Qu’est-ce que la capacité de production d’air d’un compresseur d’air?
Le débit d’air d’une compresseur d’air correspond généralement au volume d’air comprimé qu’il peut fournir par unité de temps; on le désigne souvent sous les termes « débit de refoulement » ou « débit d’alimentation ». Ce paramètre est utilisé lors du dimensionnement, de l’évaluation de la consommation énergétique et de l’adaptation des équipements pneumatiques.
Unités courantes et approche des conversions
- m³/min: Couramment utilisé sur les plaques signalétiques des équipements ou dans les calculs d’ingénierie.
- L/min: Convient aux petits équipements ou aux points d’utilisation du gaz.
- CFM: Fréquent dans certaines données d’importation; veuillez en tenir compte par rapport à l’état standard.
Lors de la comparaison de données différentes, il convient d’harmoniser au préalable les pressions, les températures et les diamètres de mesure, afin d’éviter de confondre le débit d’aspiration, le débit de refoulement et le débit d’air utile.
Méthode de calcul de la production théorique de gaz
Pour les compresseurs d’air à déplacement positif, on peut tout d’abord procéder à une estimation basée sur le volume de déplacement nominal:
Volume de refoulement théorique ≈ Volume de refoulement par tour × Vitesse de rotation
Si l’on connaît le nombre de cylindres, la course et le diamètre du cylindre, il est également possible de calculer d’abord le volume géométrique par tour, puis de le multiplier par la vitesse de rotation. La valeur théorique est généralement supérieure à la valeur réelle, en raison de pertes liées au volume mort, à la résistance des clapets, aux jeux d’étanchéité et aux variations de température.
Production réelle de gaz et rendement volumétrique
La quantité réelle de gaz exploitable peut être déterminée selon la formule suivante:
Volume d’échappement réel ≈ Volume d’échappement théorique × Rendement volumétrique
L’efficacité volumétrique est influencée par l’usure, la résistance à l’admission, la pression de refoulement, l’efficacité du refroidissement et l’état d’entretien. Après une certaine période d’utilisation, si le filtre s’obstrue, si les joints d’étanchéité vieillissent ou si les fuites dans les conduites augmentent, la capacité réelle de fourniture d’air peut diminuer.

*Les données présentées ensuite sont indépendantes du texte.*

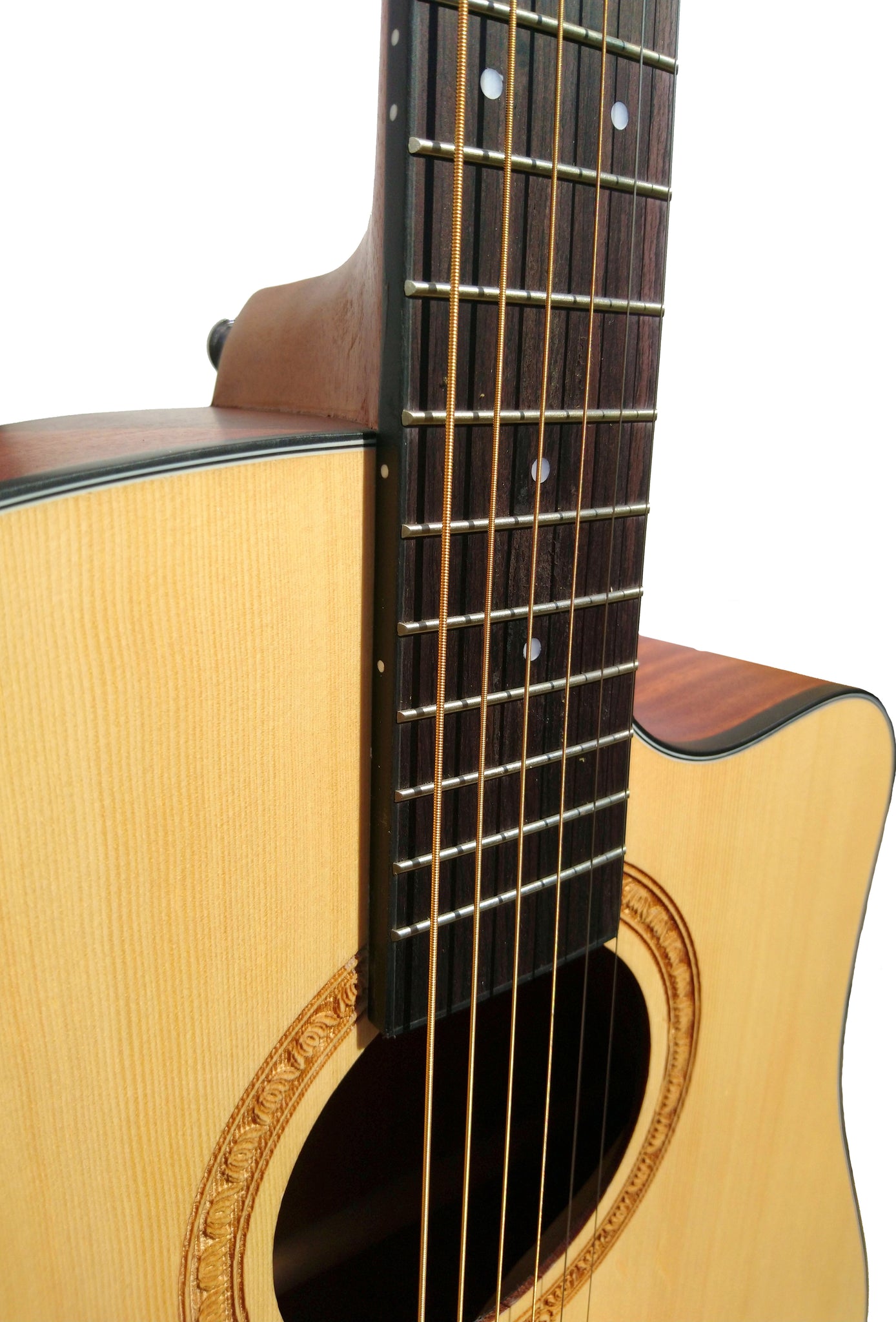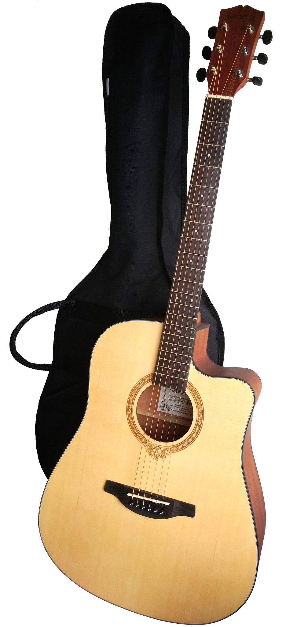 Guitarra acústica cutaway + funda (caja armónica de Caoba, diapasón y puente de Palosanto. Tapa de Pino. Mástil: Okume. Tamaño adulto).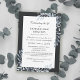 Greenery memorial service invitation with greenery and berry twigs in different shades of cool grey against a matte black background with black text against a white page with the greenery framing the memorial service invitation wording. Dark grey memorial service invitation without photo with leafy twigs framing the wording. Perfect for a winter memorial service or a man's memorial service.

Estimation sur site par la méthode de pressurisation à l’aide d’un réservoir de gaz
Lorsque l’on dispose d’un réservoir de stockage et d’un manomètre, il est possible d’estimer le débit d’air fourni à partir du temps de montée en pression:
Q ≈ V × ΔP ÷ t
- V: Volume du réservoir de gaz, unité m³.
- ΔP: variation de la pression, l’unité devant être conforme au référentiel de calcul.
- t: temps nécessaire pour passer de la pression basse à la pression haute, en minutes.
Cette méthode convient à une évaluation approximative, mais il convient de veiller à ce que les valeurs de pression soient des pressions manométriques, à l’absence de fuites dans le système, à la stabilité de la température du réservoir d’air comprimé et au fonctionnement du compresseur d’air en régime stable. Si l’on souhaite convertir le débit en volume à pression atmosphérique standard, il faut également ramener la différence de pression à une référence correspondant à la pression atmosphérique.
Facteurs clés influençant les résultats du calcul
- État d’admission: la température, l’humidité et l’altitude influencent la densité de l’air ainsi que le volume d’air aspiré.
- Pression de travail: plus la pression de refoulement est élevée, plus la quantité d’air utile disponible, à puissance égale, est généralement limitée.
- Mode de charge: l’utilisation continue, l’utilisation intermittente et le fonctionnement à fréquence variable entraînent des débits moyens d’alimentation différents.
- Pertes de charge dans la tuyauterie: les raccords, les flexibles, les filtres et les sécheurs peuvent tous entraîner une perte de pression.
Recommandations pour le choix et le calcul
Lors du calcul de la production de gaz, il est recommandé d’établir d’abord la liste des consommations de tous les équipements utilisant du gaz, puis de procéder à une synthèse en tenant compte du taux d’utilisation simultanée, des marges de sécurité et des pertes dues aux fuites. En l’absence de données complètes sur site, il convient de privilégier, à titre de référence, les valeurs mesurées de surpression obtenues dans des conditions de fonctionnement similaires, plutôt que de se fier uniquement aux valeurs nominales indiquées sur la plaque signalétique.